Если образ родной усадьбы и мелькает на миг в поэзии Л., то только как мечта, уносящая от ненавистного аристократического общества («1-е января»). Жажда реальной борьбы во имя осуществления идеалов требовала для реализации своей выхода за пределы дворянства, потому что призрак народного восстания навсегда убил способность даже обуржуазившегося дворянства к революционным действиям, убил при первом же серьезном испытании 1825. Лермонтов смутно чувствовал это и делал первые неверные шаги в этом направлении. «Родина» была уже серьезным прорывом за пределы дворянской России навстречу России народной, демократической.
Но окончательно порвать со своим классом Л. не смог. С одной стороны, как ни презирал Л. дворянскую среду, она все же сумела наложить на него очень сильный отпечаток.
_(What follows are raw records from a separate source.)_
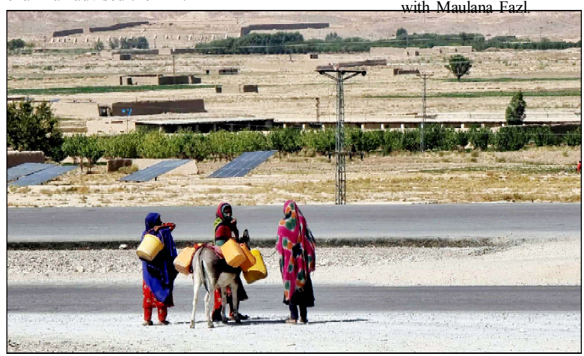
Women are carrying empty drinking water cans pass through a street for searching drinking water due to shortage of drinking water in Muslim Bagh
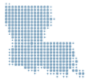
Appendix B Table 13: FEMA Major/Severe, Submitted Surveys and Completed Applications by Parish
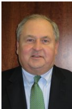
James R. Biery Chair
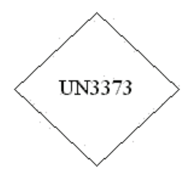
Figure 4: The hazard symbol which should be displayed on the outer packaging of samples (Department of Agriculture Food and Marine, 2014).
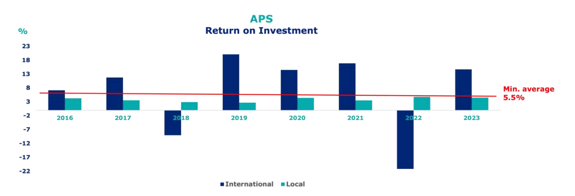
Figure 2: Returns on the local and international investments
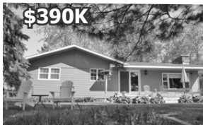
718 Bear Trap Lane

С другой стороны, та общественная сила, которая двумя десятилетиями позднее выступила в качестве авангарда революционной мелкобуржуазной демократии, — разночинная интеллигенция, — во времена Лермонтова еще не оформилась, не осознала себя, ярким свидетельством чего являлись мучительные метания коренного разночинца Белинского.
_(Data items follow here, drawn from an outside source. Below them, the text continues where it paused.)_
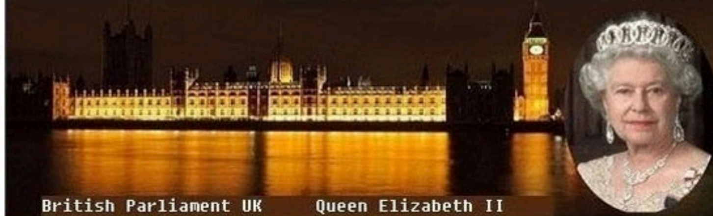
British Parliament UK
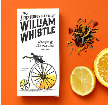
Exposure: Hierarchy in Package Design
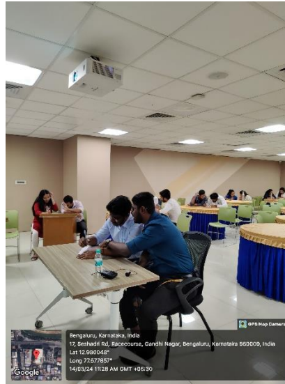
Fig 1: FIG Activity; Event: Artha Pravrtti; Date:14/03/2024; CMS Business School, Sheshadri Road, Gandhi Nagar, Bengaluru – 560009.

Дворянская ограниченность сплошь и рядом накладывает свой отпечаток на вольнолюбивые стремления Л. В одном из самых мятежных произведений молодого Л., «Вадиме», пугачевщина трактуется лишь как орудие личной мести обиженного дворянина Вадима: «Бог потрясает целый народ для нашего мщения». Возглавивший в целях удовлетворения личной вражды крестьянское восстание Вадим презирает за это самого себя и еще больше презирает повстанцев.
Не имея уже ощущения реальной связи с усадьбой, Л. все же поэтизирует в мечтах образ последней.
В гневном стихотворении «1-е января» [1840], клеймя светское общество — «образы бездушные людей, приличьем стянутые маски» — и выражая горячее желание «Смутить веселость их/ И дерзко бросить им в глаза железный стих,/ Облитый горечью и злостью», Л. летит памятью к недавней старине и видит себя ребенком в родных местах — у высокого барского дома, в саду с разрушенной теплицей.
Протестант и бунтарь, Л. не сумел все же подняться до такого отношения к родной усадьбе, которое было выражено позднее в знаменитой «Родине» Н. А. Некрасова, окончательно порвавшего с дворянством.
Для Л. образ родного имения, хотя и превратившийся в отвлеченное воспоминание, сохранил свою привлекательность.
Стремление Л. прорваться за пределы дворянства выразилось и в творческом интересе к образу разночинца.
Очень любопытен эскиз чиновника Красинского («Княгиня Лиговская», 1836). Красинский ощущает себя тружеником.
Вот его ответ княгине: «Ваш удел — забавы, роскошь, а наш — труд и заботы; оно так и следует; если б не мы, кто бы стал трудиться». В Красинском характерно обостренное чувство ущемленного личного достоинства.
Но разночинные образы у Л. остаются все же на периферии творчества.
Неприятием Л. окружающей действительности и одиночеством, обусловившими субъективистскую окраску творчества Л., определяются его формальные особенности.
Отсюда в драмах Л. ударение не столько на развертывании действия или углубленной характеристике различных персонажей, сколько на страстных, патетических излияниях главного героя. Драмы Лермонтова — драмы «монологического» (Б. М. Эйхенбаум) типа. В драмах Л., по замечанию В. М. Фишера, «очевидно, что автор интересуется одним действующим лицом, остальные — бледные атрибуты главного, не живущие самостоятельной жизнью». Те же черты отличают и поэмы Л.: и в них повествование и характеристика всей массы персонажей оттеснены бурными излияниями главного героя; и поэмы Л. — поэмы монологического типа. Сходная судьба постигла под пером Л. и балладу, в которой элементы лирической экспрессии и патетики оттеснили повествовательный элемент.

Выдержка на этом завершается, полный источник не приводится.